We know a little bit about these things in Ireland. The phrase “to hell or to Connacht” from the 17th century is ingrained in our history, just as the memory of a people allowed to starve to death if they couldn’t find a way to emigrate on coffin ships in the 19th century is deep in the soul of every Irish person. We recognise ethnic cleansing when we see it.
So, I’m guessing, does Bill Clinton. Clinton was the US President who (reluctantly) authorised a massive bombing campaign against Yugoslavia to stop a vicious campaign of ethnic cleansing, including terrible atrocities in Srebrenica and Kosovo. Trump is only the fourth President to succeed Clinton. But the first in American history to advocate ethnic cleansing. And, apparently, because he thinks he can build a holiday resort for billionaires in the homeland of the Palestinian people.
Only a sociopathic mind can develop policy in that fashion.
I could list a dozen or more things already done that aren’t just crazy but profoundly disturbing. But in a way the thing that frightens me most is that there is no effective opposition to any of this within the world’s largest democracy, the place where the phrase “government of the people, by the people, for the people” was first uttered. And, of course, the phrase was uttered after a battle fought so those three things would “not perish from the earth”.
It had never dawned on me before (stupid me) but in American politics the side that loses the Presidential election effectively goes into hibernation. In the run-up to the election they choose a leader at a convention — Kamala Harris in this case — and that person stops being the leader the minute they lose (and in Kamala’s case disappears without trace, it seems).

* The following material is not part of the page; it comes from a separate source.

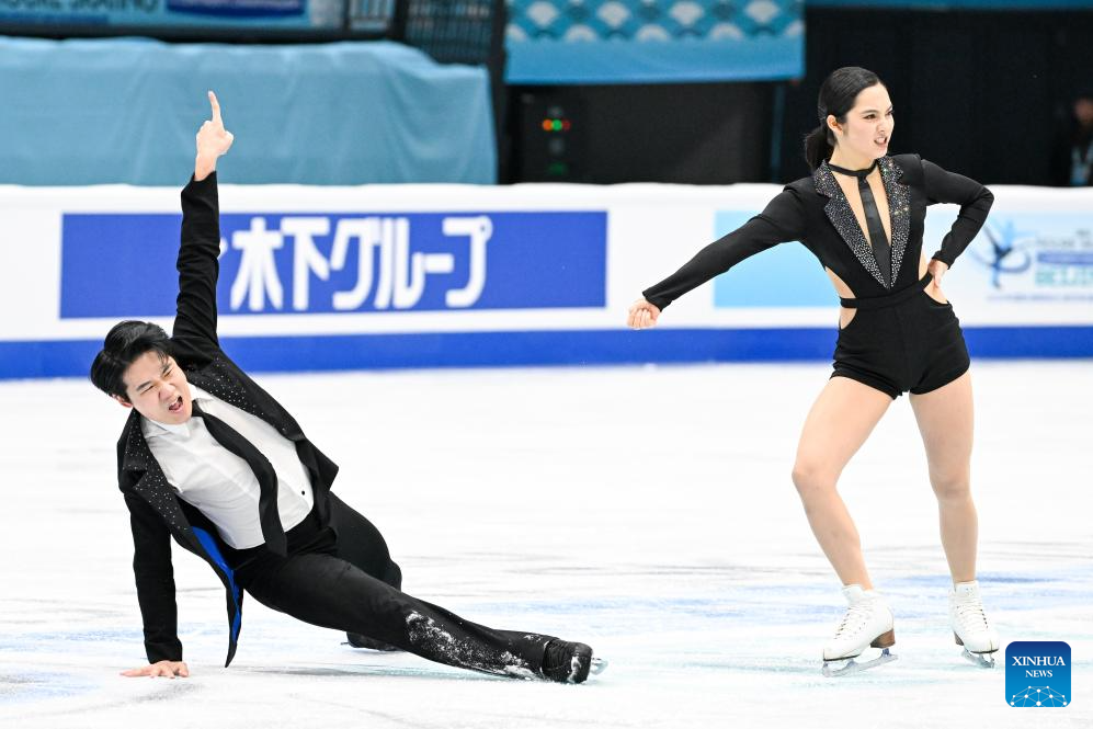 Lim Hannah (derecha) y Quan Ye, de Corea del Sur, actúan durante la danza rítmica sobre hielo en el Campeonato de Patinaje Artístico de los Cuatro Continentes de la ISU en Beijing, China, el 22 de enero de 2026. (Xinhua/Ju Huanzong).

We don’t work that way. We recognise that democratic and accountable politics works best when there is a leader of the opposition, taking the fight to the government from day one. In the US they have what they now call minority leaders, in the House and the Senate, but no party leader. Even though they have never needed one more.
It’s one of the reasons people feel defenseless. They rely on a media that is increasingly fractured, much of it in the control of the billionaires, more of it seemingly afraid. The only meaningful opposition is coming from a handful of late-night comedians and a few journalists. How much longer will they be able to stand up?
If the Democratic Party can’t get its act together to provide the sort of opposition the rest of the democratic world takes for granted, then ultimately the next promise to be broken will be the one Lincoln made at Gettysburg. Half of Project 2025 is about policy — but half of is about the structures of government. And its full implementation, now heavily underway every day, will mean only one thing. Government of the people by the people will perish from the earth.